Exercise goal >>
Would you return exactly the lines below from the line with "Fot. 5. Kamienica Gruszewiczów" through the line with "Ansicht West - Bürogebäude", both included, and nothing else, leaving out the pictures?

Record set >>
--------
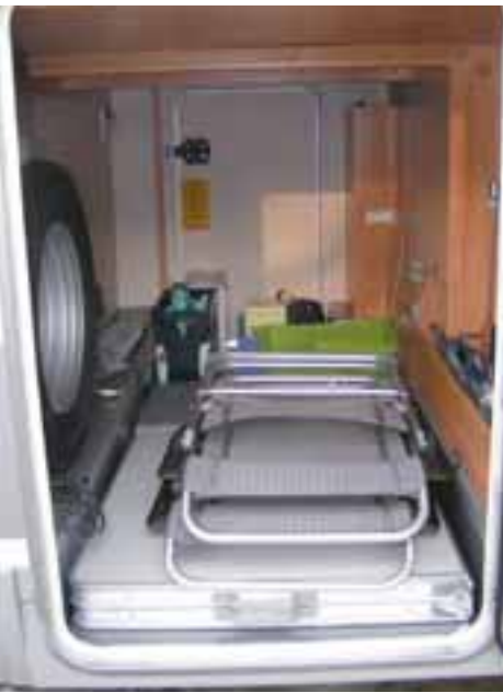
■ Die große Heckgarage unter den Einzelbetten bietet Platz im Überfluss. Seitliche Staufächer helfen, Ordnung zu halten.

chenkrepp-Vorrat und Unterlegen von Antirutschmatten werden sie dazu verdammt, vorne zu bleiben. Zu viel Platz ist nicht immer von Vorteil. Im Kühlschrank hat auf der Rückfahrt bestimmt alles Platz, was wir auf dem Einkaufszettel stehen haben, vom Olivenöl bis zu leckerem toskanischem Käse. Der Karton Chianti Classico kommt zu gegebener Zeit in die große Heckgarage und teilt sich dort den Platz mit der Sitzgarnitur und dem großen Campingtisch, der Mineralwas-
--------
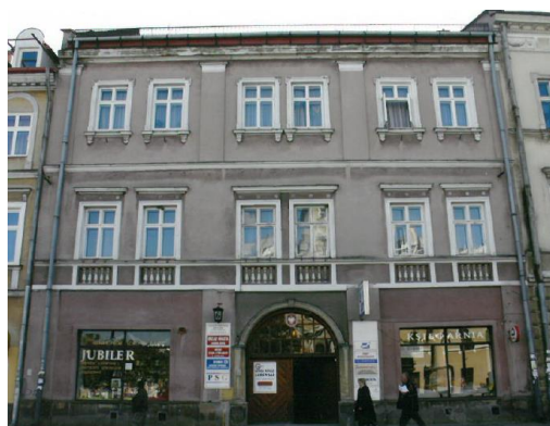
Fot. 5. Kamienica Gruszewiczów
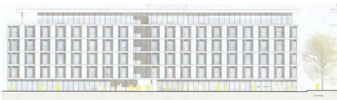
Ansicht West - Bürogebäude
--------
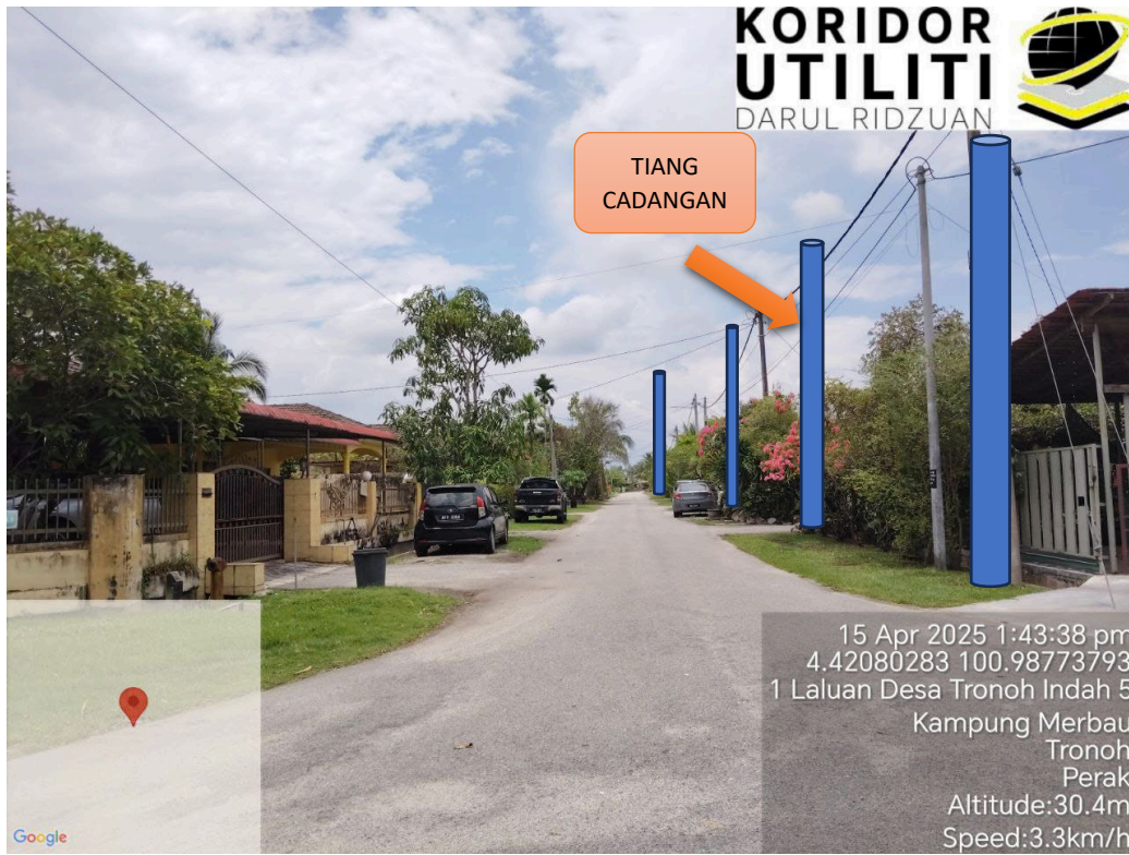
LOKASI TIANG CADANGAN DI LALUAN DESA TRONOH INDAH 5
--------
Task result >>
Fot. 5. Kamienica Gruszewiczów
Ansicht West - Bürogebäude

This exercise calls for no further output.